The WSU football team had a successful year in 2003. It began with the 2002-03 football team (named PAC-10 Conference co-champions) playing in the Rose Bowl on January 1, 2003. The Cougs lost to Oklahoma 14-34. For the 2003 season, former assistant Bill Doba became the Cougars’ new head coach, succeeding Mike Price. The Doba-led team played in the 2003 Holiday Bowl football game on Dec. 30, 2003. The Cougars beat Texas 28-20. The 2003 season marked WSU football’s third straight 10-win season. The Cougs were the first Pac-10 team to achieve this feat in 70 years.
On the final day of 2001, the WSU Cougar football team beat Purdue 33-27 in the Sun Bowl in El Paso, Texas. The Cougs finished the season with a 10-3 record and ranked 10th in two polls.
Cougar women’s volleyball received an NCAA Championship tournament at-large berth for the ninth time, all in a twelve year stretch, hosting the first and second rounds of play.
Volleyball coach Cindy Fredrick concluded her seventh season at WSU by being named PAC-10 Conference Coach of the Year, and was named AVCA District VIII Coach of the Year as well. The team finished 22-7 overall and third in the Pac-10, led by All-American Sara Silvernail.
Jack Friel, coach of the Cougar men’s basketball team from 1928-1958 and holder of the school’s record for 495 victories, died at 97. Friel led the Cougs to the 1941 NSAA championship game and was later the first commissioner of the Big Sky Conference.
Coach Lisa Gozley and the WSU women’s soccer team made their first NCAA Tournament appearance. The Cougs were ranked 19th by “Soccer America,” the oldest magazine devoted to American soccer.
The WSU women’s junior varsity crew team captured the crown at the National Collegiate Rowing Championship Regatta on Lake Harsha in Ohio. It was the first title for the five-year-old rowing program.
The WSU men’s basketball team received an invitation to play in the NCAA Championship Tournament. They lost in the first round to Boston College, 64-67.

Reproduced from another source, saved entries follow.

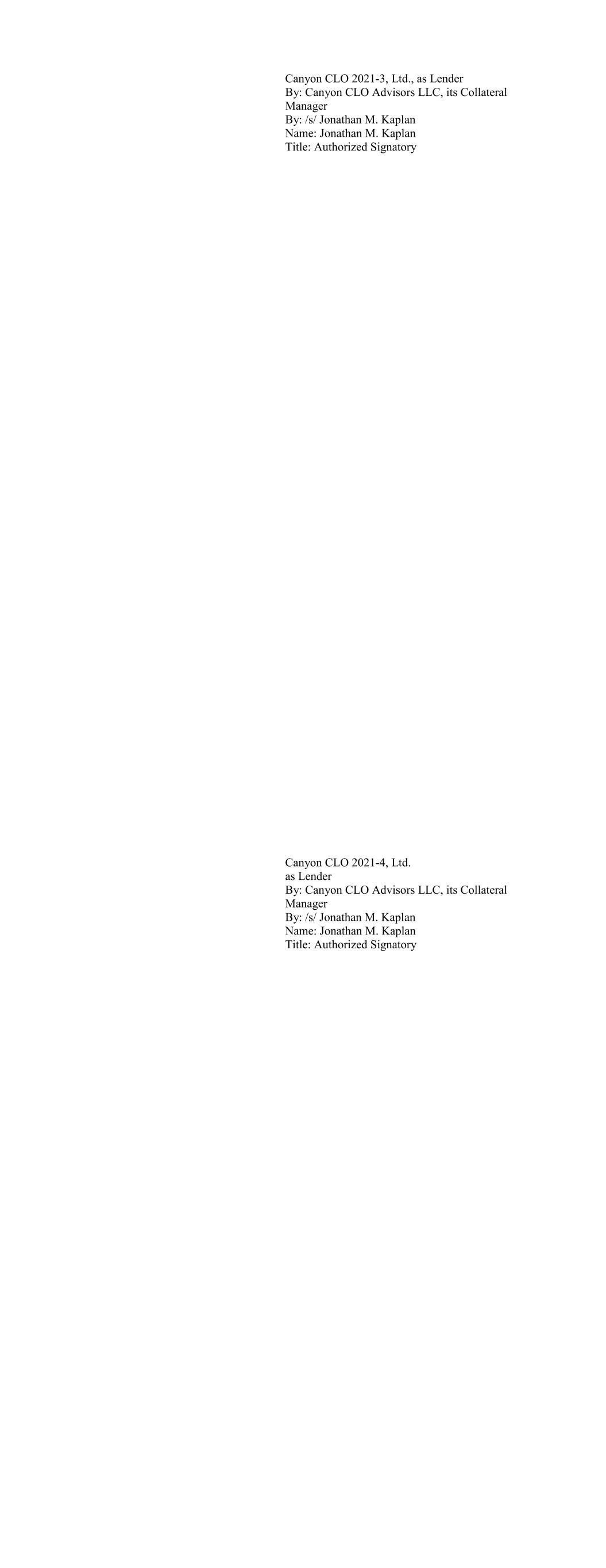 Canyon CLO 2021-3, Ltd., as Lender By: Canyon CLO Advisors LLC, its Collateral Manager By: /s/ Jonathan M. Kaplan Name: Jonathan M. Kaplan Title: Authorized Signatory Canyon CLO 2021-4, Ltd. as Lender By: Canyon CLO Advisors LLC, its Collateral Manager By: /s/ Jonathan M. Kaplan Name: Jonathan M. Kaplan Title: Authorized Signatory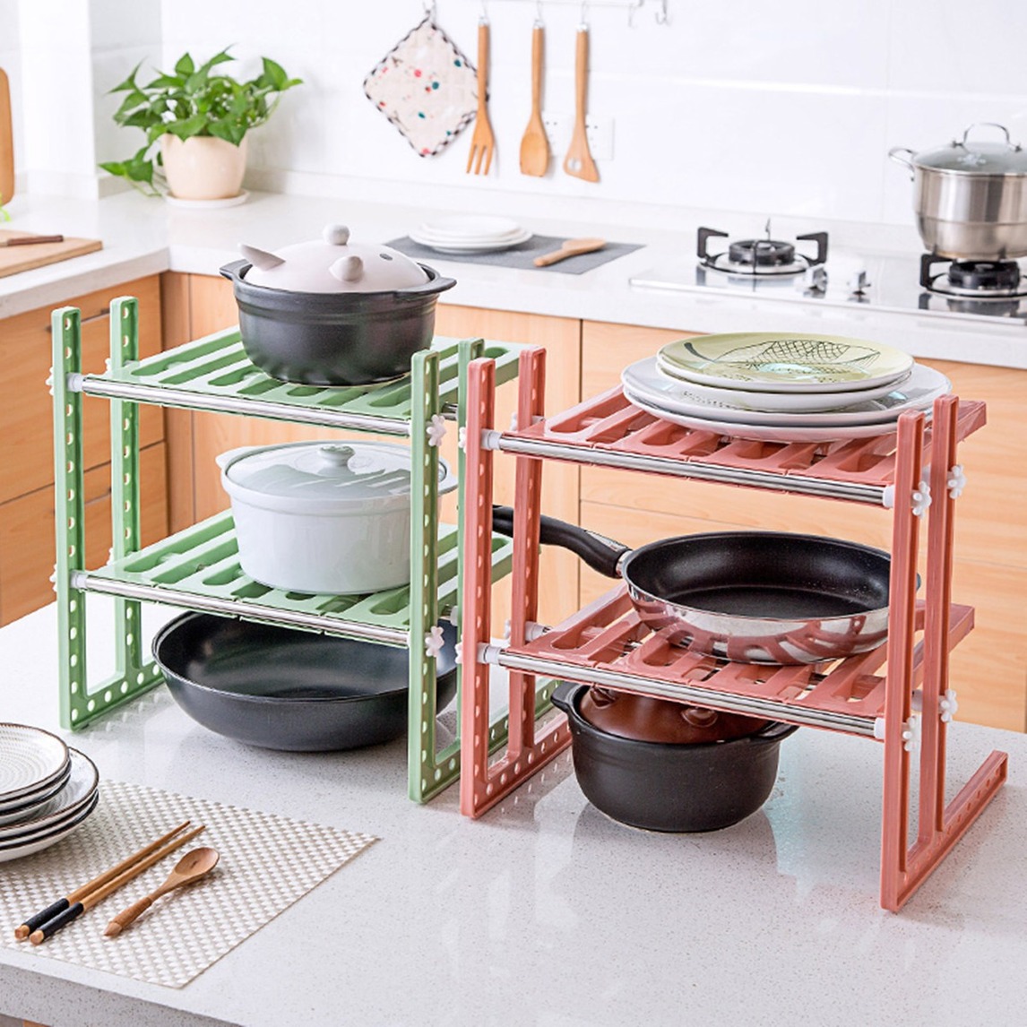 水槽下收纳置物架,可左右伸缩、上下调节,合理利用水槽下空间,收纳置物架,上下两层可根据物品大小自由调整。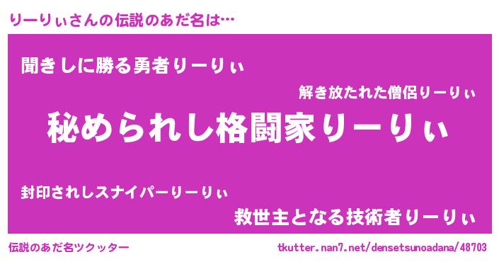| 男性向けラノベタイトル風あだ名 | 『やはりりーりぃの青春ラブコメはまちがっている 』 |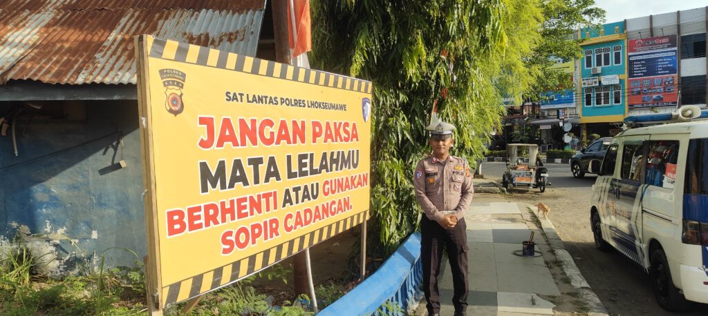 Lhokseumawe – Dalam rangkaian Operasi Patuh Seulawah 2025, Satuan Lalu Lintas Polres Lhokseumawe terus gencar menyuarakan pentingnya keselamatan berkendara. Salah satu upaya preventif yang dilakukan adalah pemasangan spanduk imbauan bertuliskan “Jika Lelah dan Mengantuk, Silakan Beristirahat”, di depan Pos Lantas Cunda, Jalan Merdeka Timur, dan di Jalan Medan–Banda Aceh, tepatnya depan Makam Pahlawan, Desa Blang Panyang, Kota Lhokseumawe, Rabu (23/7/2025).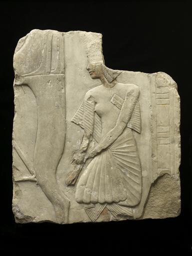 | Keywords: Egyptian - Fragment of a Tomb Relief - Walters 22128.jpg Deriving from one of the most beautifully sculpted New Kingdom tombs this small relief exemplifies the best artwork of the era of Tutankhamun 1336-1327 BC A scribe of the general and later king Horemheb is shown standing behind a chair which is represented on a scale far larger than he Though the scribe's social status is obviously below that of the tomb's owner his curling echeloned wig and his upturned nose are characteristic features favored in the period immediately following Akhenaten's death in 1336 as is the somewhat slight body which is punctuated by a spreading belly and hips The delicately carved and clearly defined pleating of the scribe's garments reveals that the body type is a deliberate fashion and not artistic ineptitude The bureaucrat grasps his far wrist with his near hand in a gesture of deference to the unseen tomb owner seated before him Tucked under his near armpit is the man's scribal palette which identifies his profession despite the absence of any inscription The vertical bar behind the official indicates the end of this composition ca 1325 BC limestone traces of paint cm 41 9 36 7 accession number 22 128 4908 Dikran Kelekian New York or Paris Henry Walters city Baltimore Walters Art Museum Henry Walters Acquired by Henry Walters 1925 place of origin Saqqara Egypt Walters Art Museum license Ancient Egyptian reliefs in the Walters Art Museum Reliefs of the 18th dynasty of Egypt Ancient Egyptian art from Saqqara Media contributed by the Walters Art Museum needs category review |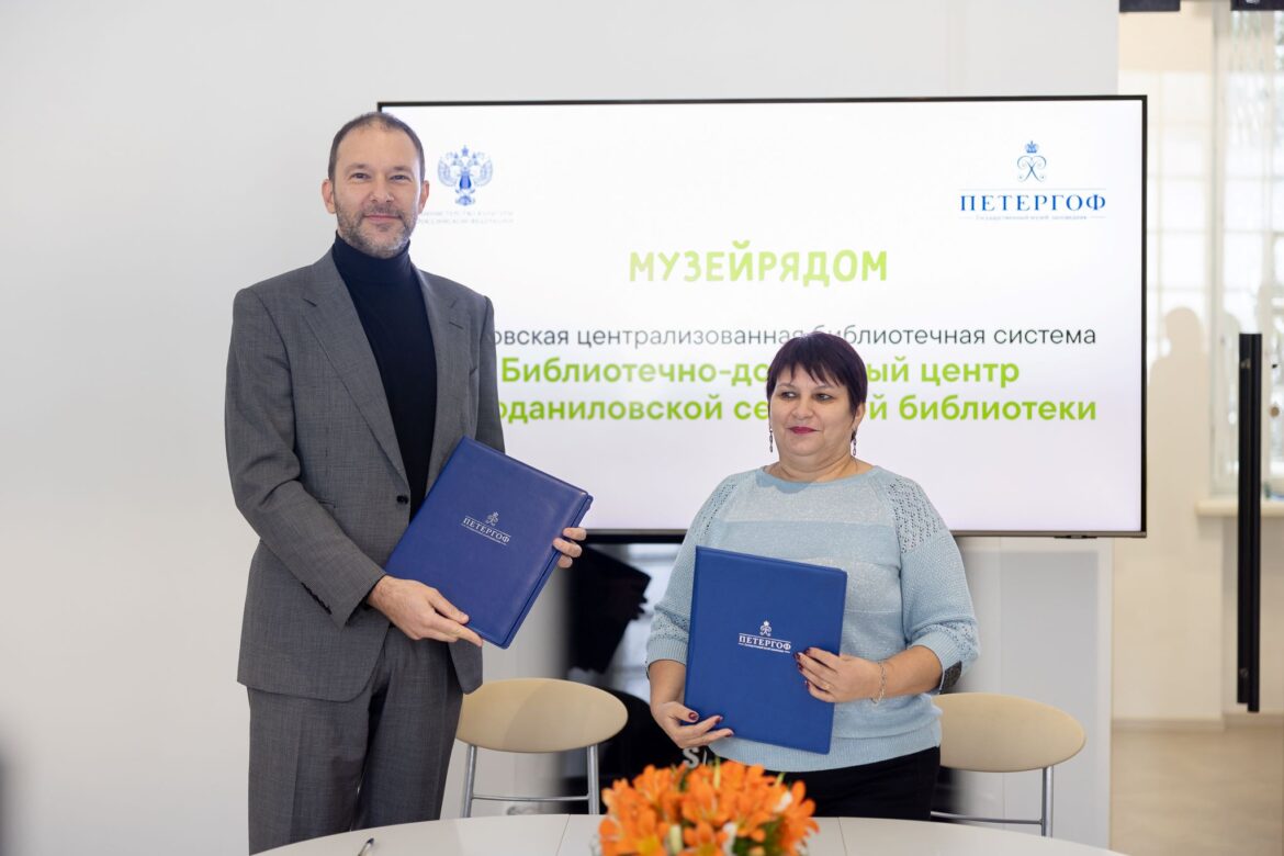 14 февраля 2024, в Международный день книгодарения, в ГМЗ «Петергоф» состоялась церемония передачи книг для будущего библиотечно-досугового центра в селе Новоданиловка (Запорожская область) и подписание соглашения о сотрудничестве между музеем-заповедником и Акимовской централизованной библиотечной системой в рамках проекта «Музей рядом» под эгидой Министерства культуры Российской Федерации.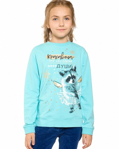 Толстовка для девочек. Толстовка из хлопкового футера. Мягкая линия плеча. Перепад длин переда и спинки, разрезы по бокам. Притачные манжеты из основной ткани по низу изделия. Обработка горловины и манжеты на рукавах из рибаны. Центральный принт с золотистыми переливающимися блёстками в виде милого енота в пачке и надпись "Красавица - это состояние души!". Состав: 96%хлопок 4%эластан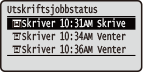 , vises et skjermbilde som lar deg sjekke statusen på dokumentet som skrives ut, samt statusen til maskinen (hvor mye toner som er igjen i tonerkassetten osv.) eller informasjon om nettverksinnstillingene, for eksempel maskinens IP-adresse.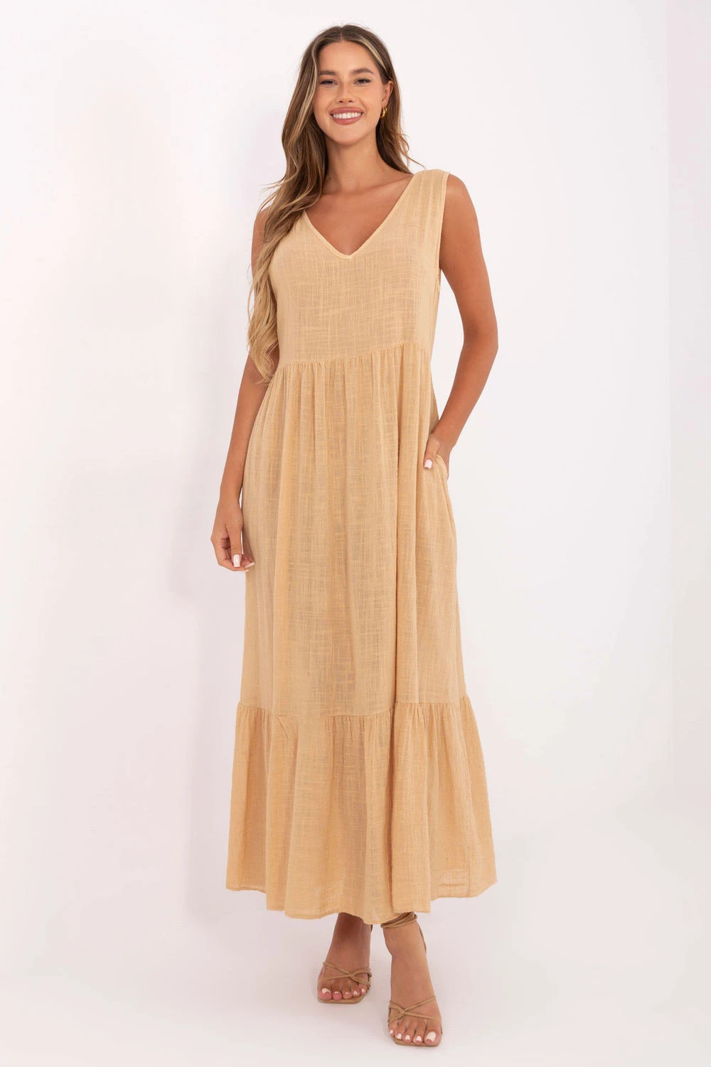 Dlouhé letní šaty s rozkročeným střihem jsou ideální volbou pro každodenní teplé dny. Vyrobené z přírodní bavlny, zajistí prodyšnost a pohodlí i v největším horku. Model s širokými ramínky a výstřihem do šípku jemně zdůrazňuje horní část postavy, zatímco volně padající spodní část zakončená volánem dodává lehkost a ženský šarm. Šaty nemají zapínání, což usnadňuje jejich oblékání a zaručuje pohodlí po celý den. Hladký vzor je univerzální a snadno se stylizuje, a praktické kapsy ve švech na bocích dodávají funkčnost. Jsou must-have v letní šatníku, ideální na procházky, nákupy nebo setkání venku.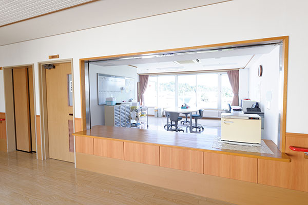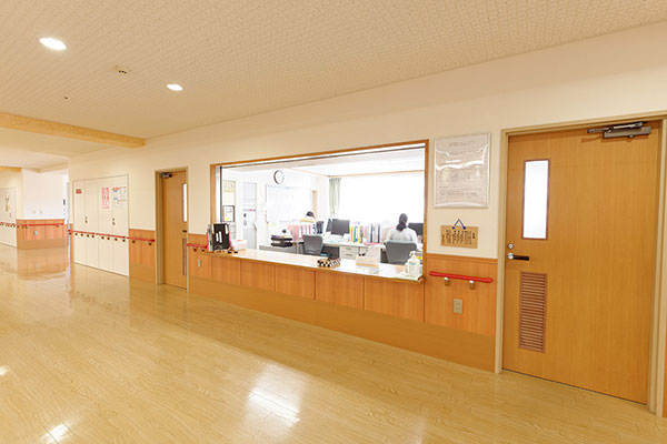 | エントランスとホールに隣接された事務室は入居者と外来者の双方をサポートします。 |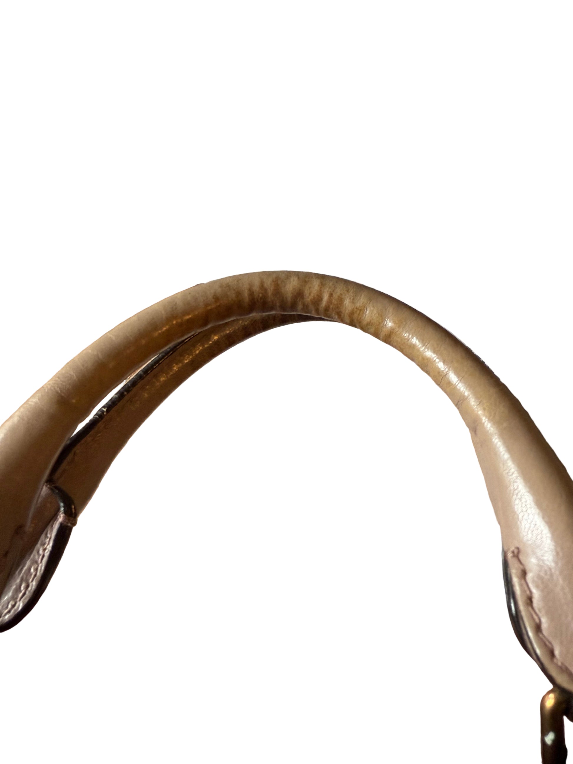 Discover timeless elegance with the preloved Chloe Harley Handbag, featuring a stylish combination of canvas and brownish-gray leather details. Minor wear to leather and discoloration on handles but overall in great condition and very clean. Designed for versatility, it includes both a convenient crossbody strap and a sturdy handle. The gentle wear on the leather adds unique character, making this bag a one-of-a-kind statement piece. Elevate your wardrobe with this chic, functional accessory that blends classic charm with everyday practicality.

The WSU women’s volleyball team won the National Invitational Volleyball Championship (volleyball’s equivalent of basketball’s NIT) by beating Bowling Green University in three straight sets. The team did not lose a single game throughout the tournament.
Josephat Kapkory claimed the 3,000-meter title at the NCAA Indoor Track and Field Championship in Indianapolis, Indiana. In 1994, Kapkory captured the 10,000-meter title at the NCAA Cross Country Championships.
The WSU men’s basketball team received its first invite to the National Invitational Tournament. The Cougs lost in the second round to University of New Mexico.